In der Dorfschule von al-Busayrah, einem Provinznest im Osten von Syrien, war man sunnitisch, nicht schiitisch und schon gar nicht alawitisch oder christlich, lebte Gott gefällig und nicht lästerlich, wie die Machthaber in der sündigen Hauptstadt Damaskus. Mohammed al-Barani war nicht nur Lehrer, sondern auch Imam in der nahen Moschee, verband den Dienst an der Bildung mit dem Dienst für Allah, wusste um sämtliche Sünden und Verfehlungen der Menschen, kannte ihren Preis im Jenseits.
Unwirsch zogen sich seine Augenbrauen zusammen, als er ganz hinten, in der linken Ecke des Raumes und nahe der Türe zum Flur, seine Schülerin Sheliza zögerlich ihre Hand heben sah, diese kleine, hellbraune Hand, die dem gottesfürchtigen Mann schon immer zu wohlgeformt schien, zu gepflegt, mit zu langen Fingernägeln, eine Hand wie die Versuchung selbst.
»Ja…«, nickte er dem Zeigefinger auffordernd zu, der sich aus der kleinen Faust des Mädchens keck emporgereckt hatte, »…hast du dazu eine Frage, Sheliza?«
Die junge Alawitin lebte noch nicht lange in al-Busayrah, kam erst vor zwei Jahren mit ihren Eltern hierher. Eine Erbschaft war der Grund gewesen, ein großes Hofgut mit mehr als sechshundert Hektar fruchtbaren Bodens, das mehr als einem Dutzend Familien Lohn und Brot gab. Doch das schlanke, feingliedrige Mädchen war Mohammed al-Barani vom ersten Tag an nicht ganz geheuer gewesen. Denn als er sie das erste Mal und als Zwölfjährige auf dem Schulhof erblickt hatte, da war sie bei seinem Auftauchen genauso wie er abrupt stehen geblieben, hatte ihn stumm, aber offen angesehen, hatte ihn mit einem klugen, prüfenden Blick und ihren so unangenehm wissenden Augen angeschaut und ihn durchdrungen. Sie schien in seinem Innersten wie in einem aufgeschlagenen Buch lesen zu können und hatte darin bestimmt alles über seine alte Schuld erfahren, diese Sünde, die von niemandem jemals vergeben werden konnte, selbst nicht von Allah.
»Entschuldigen Sie, werter Herr Lehrer al-Barani, doch können Sie uns bitte erklären, welcher Vers des heiligen Buches die Verhüllung der Frauen fordert?«
Einige ihrer Klassenkameradinnen kicherten leise, wandten sich ihre Gesichter zu und grinsten einander verschmitzt an. Die Saat dieser Frevlerin Sheliza war längst am Keimen, nicht nur hier im Klassenzimmer, sondern in der gesamten Schule. Oder lachten diese einfältigen Mädchen etwa nicht ihn aus, den Lehrer, sondern die vorlaute Sheliza? Dieses alawitische Mädchen aus der Hauptstadt? Diese Vierzehnjährige, die so gar nicht zu ihnen und in diese ländliche Gegend passte?
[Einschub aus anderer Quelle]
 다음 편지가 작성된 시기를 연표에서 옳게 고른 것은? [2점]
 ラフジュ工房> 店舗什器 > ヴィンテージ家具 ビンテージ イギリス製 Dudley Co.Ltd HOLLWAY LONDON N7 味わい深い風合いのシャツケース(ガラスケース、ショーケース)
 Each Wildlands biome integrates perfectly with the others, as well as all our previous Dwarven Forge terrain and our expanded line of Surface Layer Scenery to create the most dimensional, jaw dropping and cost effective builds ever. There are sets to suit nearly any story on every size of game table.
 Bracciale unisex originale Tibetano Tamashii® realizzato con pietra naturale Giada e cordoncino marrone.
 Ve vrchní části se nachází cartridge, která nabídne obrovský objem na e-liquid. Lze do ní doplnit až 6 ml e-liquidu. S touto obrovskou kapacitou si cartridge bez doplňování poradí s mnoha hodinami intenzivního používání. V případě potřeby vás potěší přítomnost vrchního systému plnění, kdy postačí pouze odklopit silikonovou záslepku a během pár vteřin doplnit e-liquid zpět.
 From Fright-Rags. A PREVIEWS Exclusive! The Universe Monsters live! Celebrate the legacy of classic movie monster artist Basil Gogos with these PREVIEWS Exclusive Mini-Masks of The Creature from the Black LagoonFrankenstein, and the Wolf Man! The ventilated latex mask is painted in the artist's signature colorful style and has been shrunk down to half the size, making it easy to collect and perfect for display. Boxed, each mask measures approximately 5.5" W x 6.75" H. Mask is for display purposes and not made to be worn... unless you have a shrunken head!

Mohammed al-Barani atmete tief ein und langsam wieder aus, beobachtete sich dabei selbst und war höchst zufrieden mit seiner strahlenden Selbstsicherheit und der nach außen hin bestimmt gut sichtbar getragenen Ruhe.
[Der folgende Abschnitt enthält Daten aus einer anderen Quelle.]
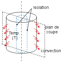 La figure suivante illustre un autre exemple d'un cylindre creux dont la surface intérieure est isolée et la surface extérieure exposée à un environnement de convection.
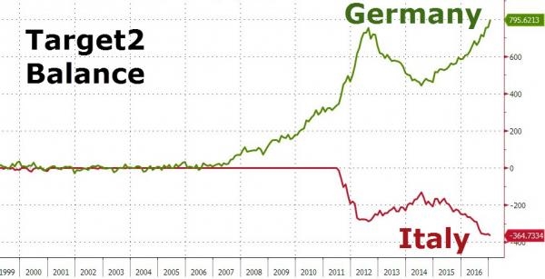 以上数字来自2016年12月份的统计结果。2017年1月31日,德国央行对自己的target2结算平衡情况进行了核查,发现其总量已接近7970亿欧元的新高。
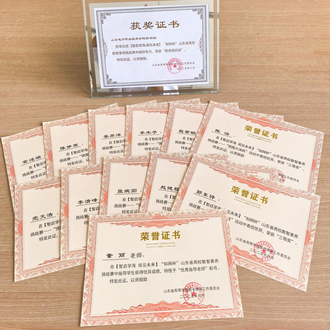 近日,由山东省高等学校图书情报工作委员会主办的“知网杯”山东省高校数智素养挑战赛落幕。本次大赛以“智启学海 阅见未来”为主题,共吸引123所院校(含省内115所高校)的14105名师生参与。比赛设置本科组和高职高专组,分别评出一等奖5名、二等奖15名、三等奖50名,并颁发优秀组织奖10个、优秀指导老师10名。
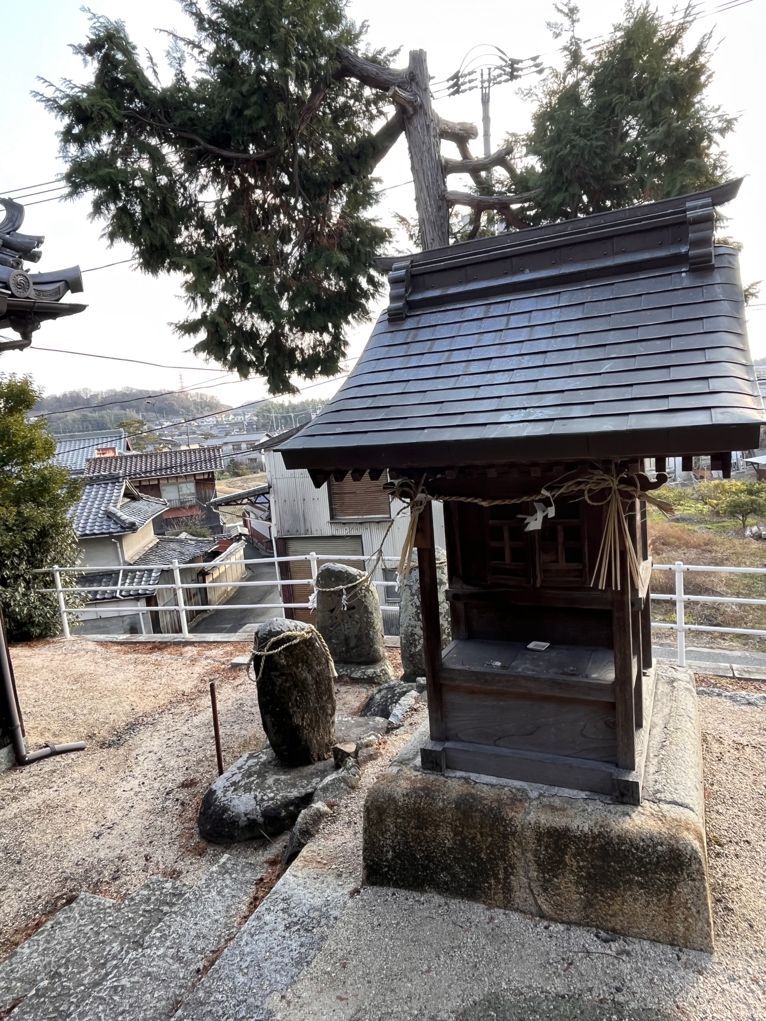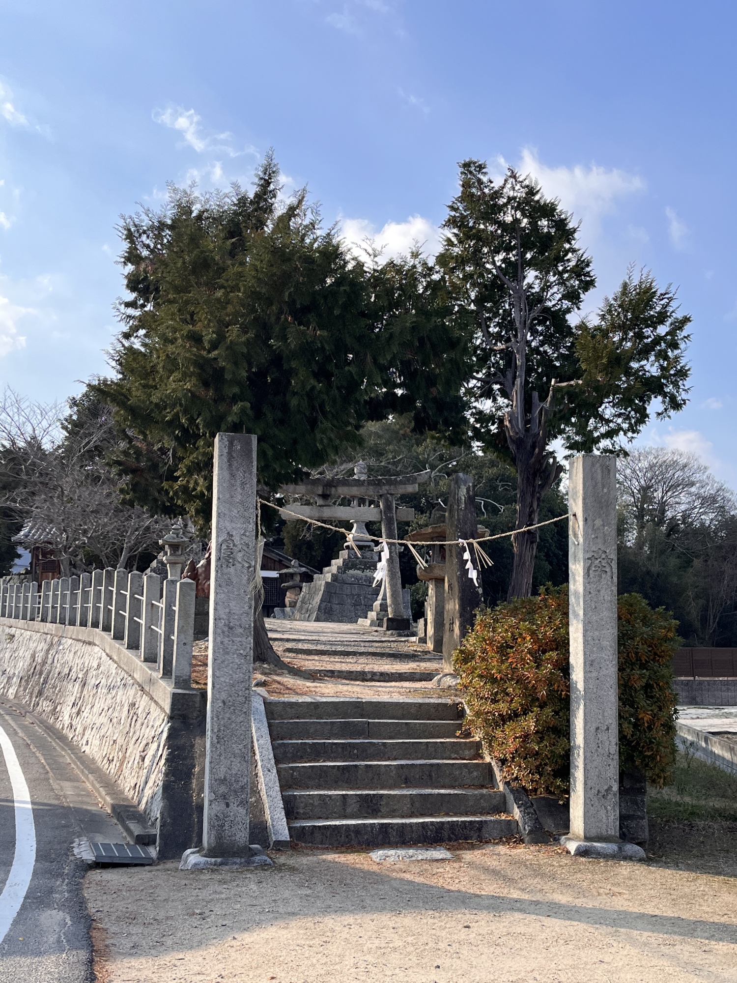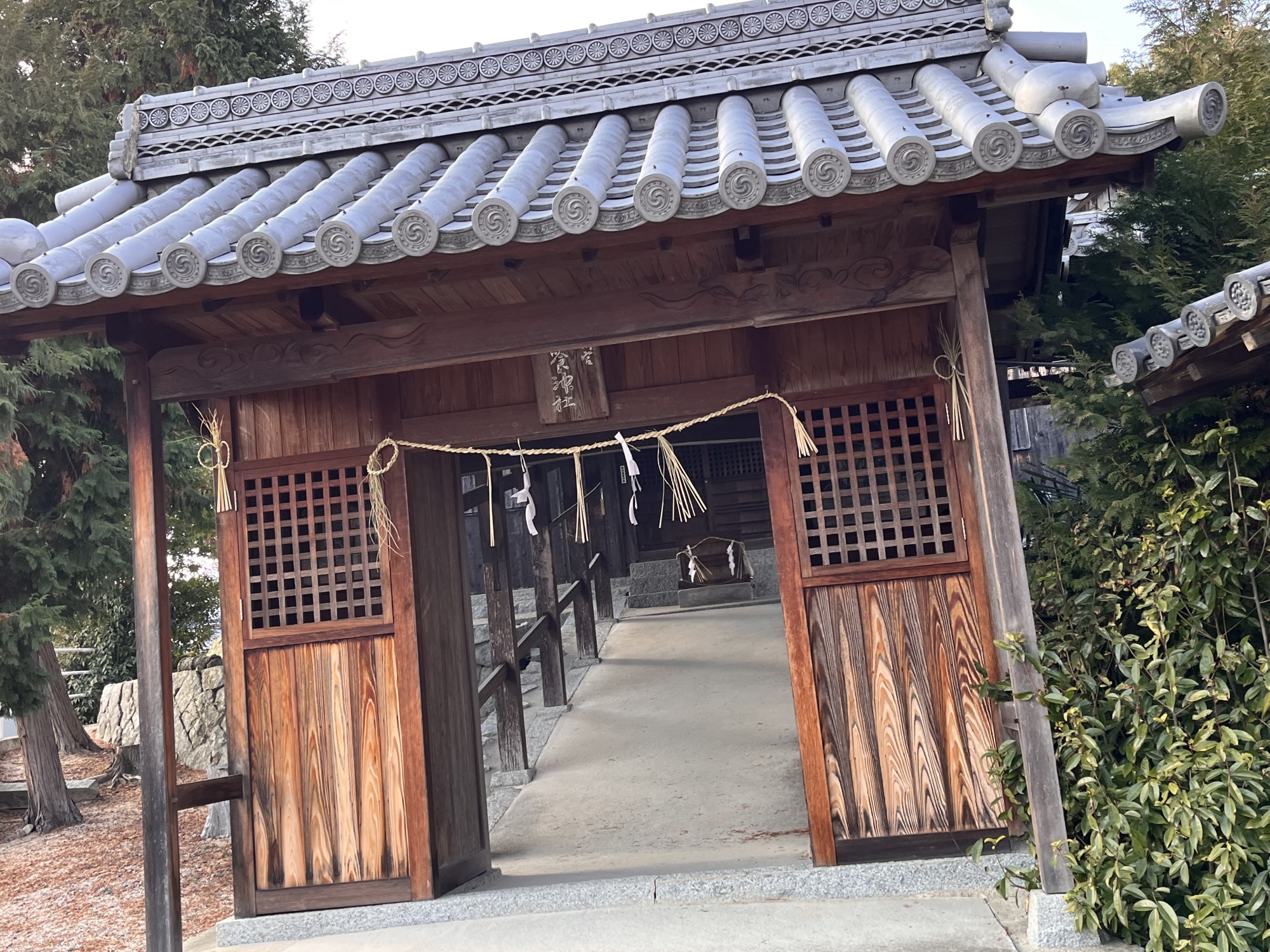 【社殿は元禄14年(1701)4月、天保13年3月に造営し現在に至った。大正6年4月、庄村矢部字向山村社楯築神社を合祀した。大正6年10月4日神饌幣帛供進神社に指定された。】

»Nun, du findest in Sure 33 Vers 59 die Antwort, Sheliza. Lies den Vers zu Haus ruhig nach, dann wirst du verstehen.«
Seine Augen wanderten bereits wieder von der Zimmerecke weg, schwenkten hinüber zur Fensterfront nach rechts, wollte seine Schülerinnen schon im nächsten Moment verabschieden und sie in die zweistündige Mittagspause entlassen. Doch da war wieder diese kleine, hellbraune Hand und der keck daraus emporgestreckte, schlanken Zeigefinger mit dem viel zu langen Nagel, wie er aus den Augenwinkel heraus erkannte. Kalt blickte der Lehrer hinüber, fixierten das Mädchen und nickten ihm auffordernd aber stumm zu, diesmal vielleicht eine Spur weniger selbstsicher als zuvor, dafür mit einem grimmigen Zug um die Mundwinkel.
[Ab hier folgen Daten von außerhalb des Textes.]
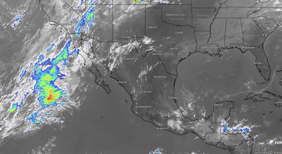 De acuerdo con la información, un nuevo frente frío (núm. 24) ingresará a Baja California, en combinación con una vaguada en niveles medios y altos de la atmósfera, la corriente en chorro polar y un río atmosférico, generarán descenso de temperatura en el noroeste del territorio nacional, así como lluvias puntuales fuertes en Baja California; adicionalmente lluvias y chubascos en Baja California Sur, Sonora y Chihuahua.
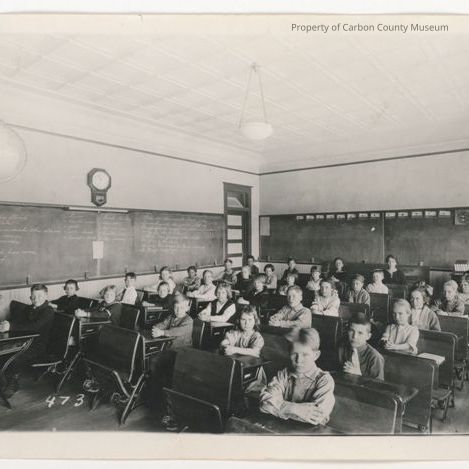 Update - Mar 2010: A black & white print of a classroom with five rows of boys & girls seated at their wooden desks & posed looking at the camera with their hands & arms resting on the desk tops. A world globe is swinging from ceiling at top left. Blackboards are attached to the walls encircling the room. a multicolored door is at left rear. A tiny white #473 is at lower left corner.
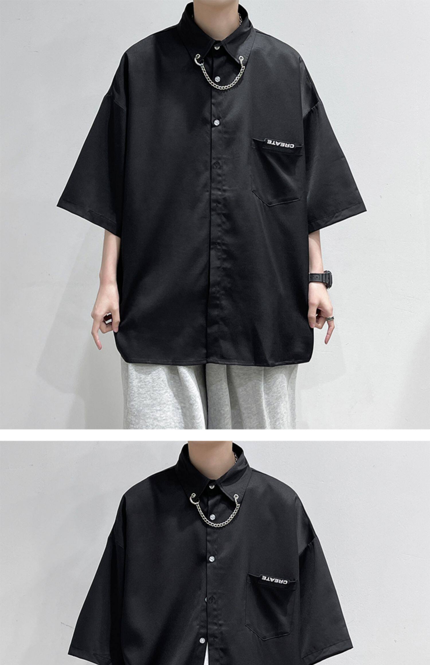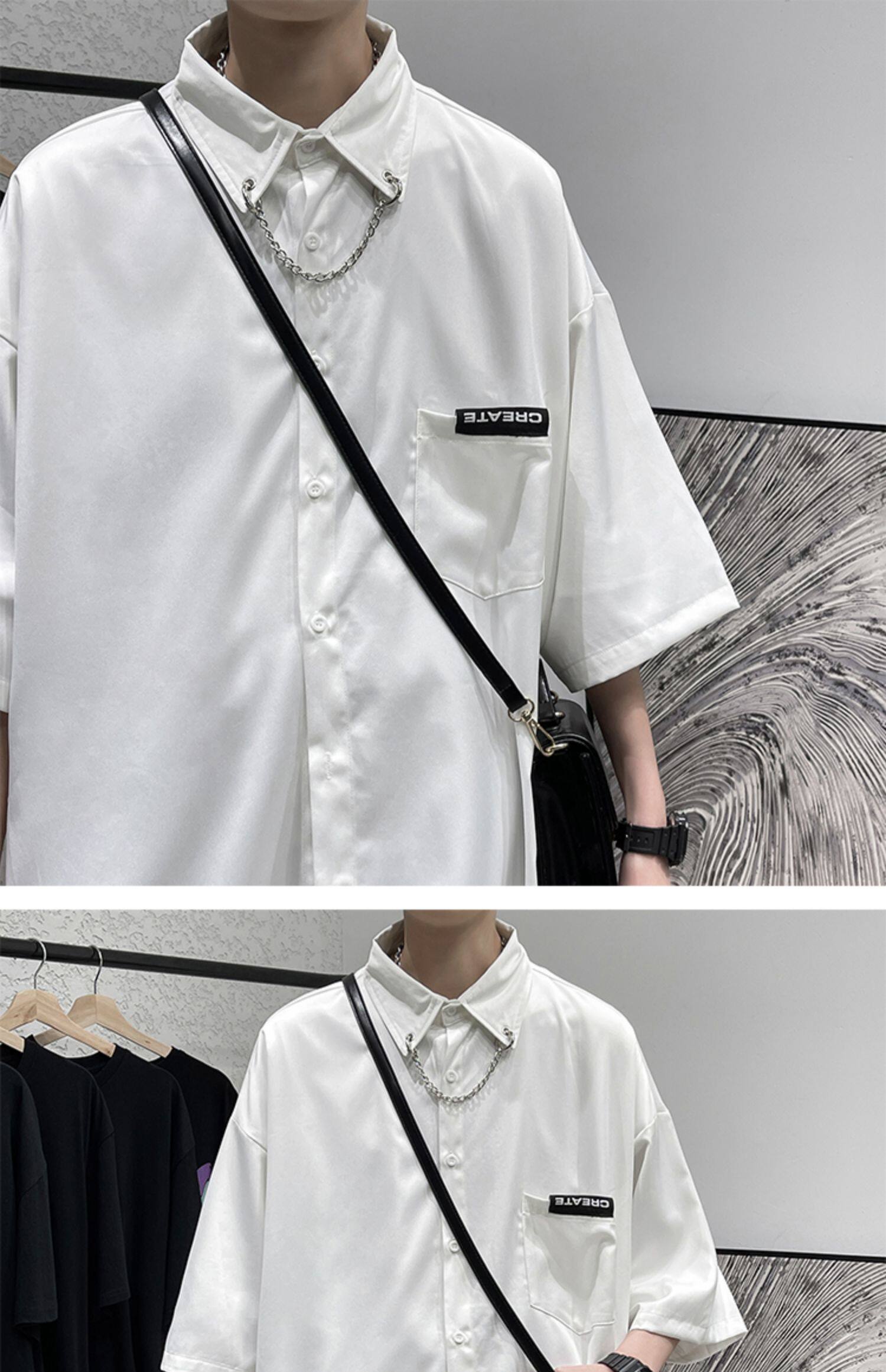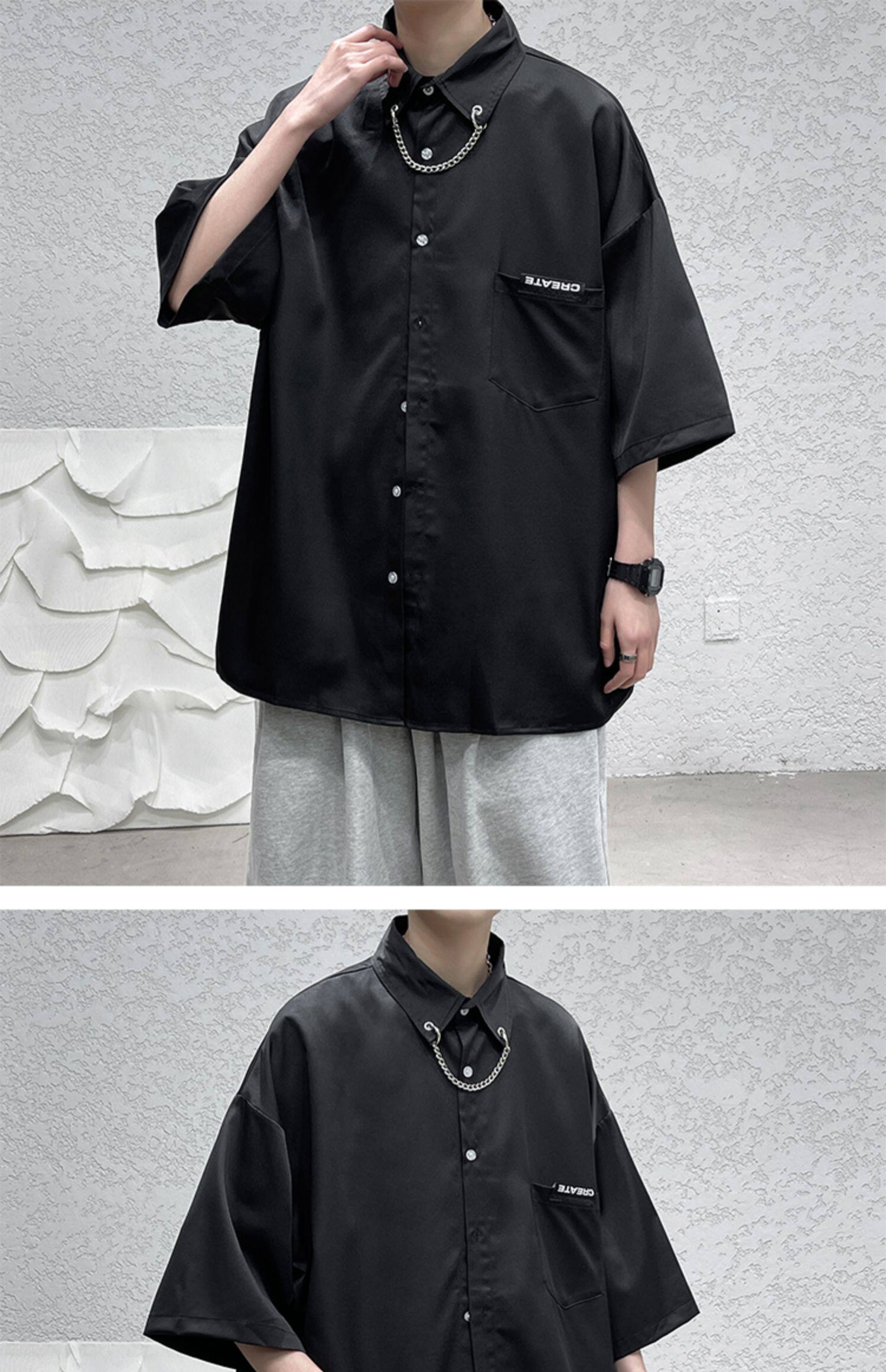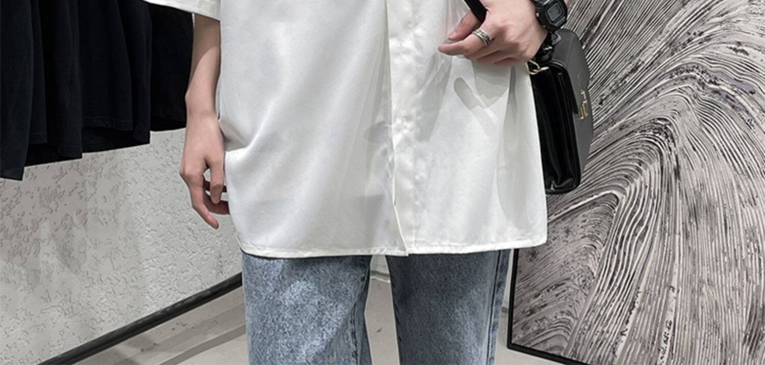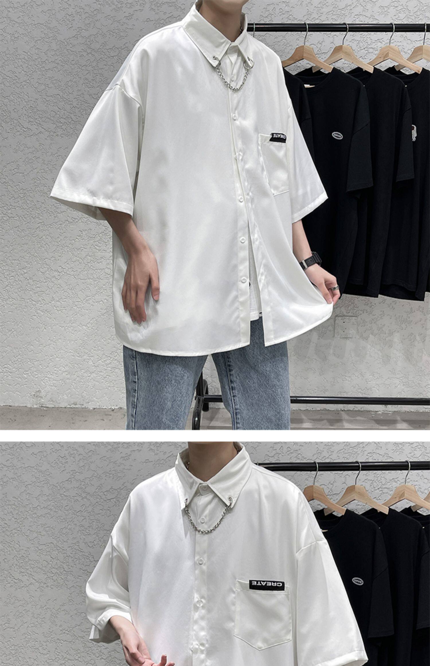 Ледяной шелк сорочка мужской Гонконг ветер свободно высокая Ощущение уровня короткий рукав рубашка корейская версия модные Шуай красивый рукав три четверти верх Одежда

»Aber werter Herr Lehrer al-Barani«, begann diese freche Göre aus Damaskus ihre Gegenrede, »ich kenne diesen Vers längst auswendig. Darin spricht Mohammed doch von der Djilbab, einem Kleidungsstück, dessen Form wir heute gar nicht mehr kennen. Wie sollen wir also wissen, ob er damit tatsächlich das Verbergen der Haare und die Verschleierung des Gesichts gemeint hat? Und weshalb…«, wollte die aufmüpfige Schülerin ergänzen, wurde von ihrem Lehrer jedoch barsch unterbrochen.
»Die Form des Kleidungsstücks spielt in diesem Zusammenhang keine Rolle, denn der Prophet spricht eindeutig von der Verhüllung des Kopfes und des Gesichts. Oder ziehst du das etwa in Zweifel?«
Sheliza senkte einen Moment lang ihren Blick, demütig, wie es dem Propheten gefiel. Doch schon hob sich ihr Antlitz erneut, schaute den Lehrer und Imam aus dunkelbraunen Augen stürmisch zwingend an.
»Aber der Prophet verwendet doch das Verb udina , und das bedeutet doch gar nicht verhüllen oder über sich ziehen , sondern bloß nahebringen ? Und Mohammed verspricht sich von der Djilbab vor allem, dass man die Frauen damit leichter erkennen kann, damit sie nicht belästigt werden. Vielleicht wollte der Prophet mit seiner Anweisung bloß erreichen, dass man die Frauen schon von Weitem an ihrer Figur, von ihrer Körperform her, erkennen kann?«
Die Augen des Lehrers hatten sich geweitet und er staunte das freche Mädchen einen Moment lang fassungslos und mit offenem Mund an.
»Wie kannst du es wagen, die Worte des Propheten nach deinem Gutdünken auszulegen? Und wie kannst du an der viele Jahrhunderte alten Auslegung der Verse zweifeln? Denn schon immer galt das Gebot der Verschleierung, schon zu Lebzeiten von Mohammed, dem Propheten Allahs.«
Die so zornig gesprochenen Worte von al-Barani verfehlten die von ihm erwartete Wirkung. Sie erzeugten bei der Empfängerin bloß ein Stirnrunzeln, das ihr auch noch ausgesprochen gut ins Gesicht stand, wie dem Lehrer bewusstwurde. Er würde sich für diesen unliebsamen Gedanken später hassen.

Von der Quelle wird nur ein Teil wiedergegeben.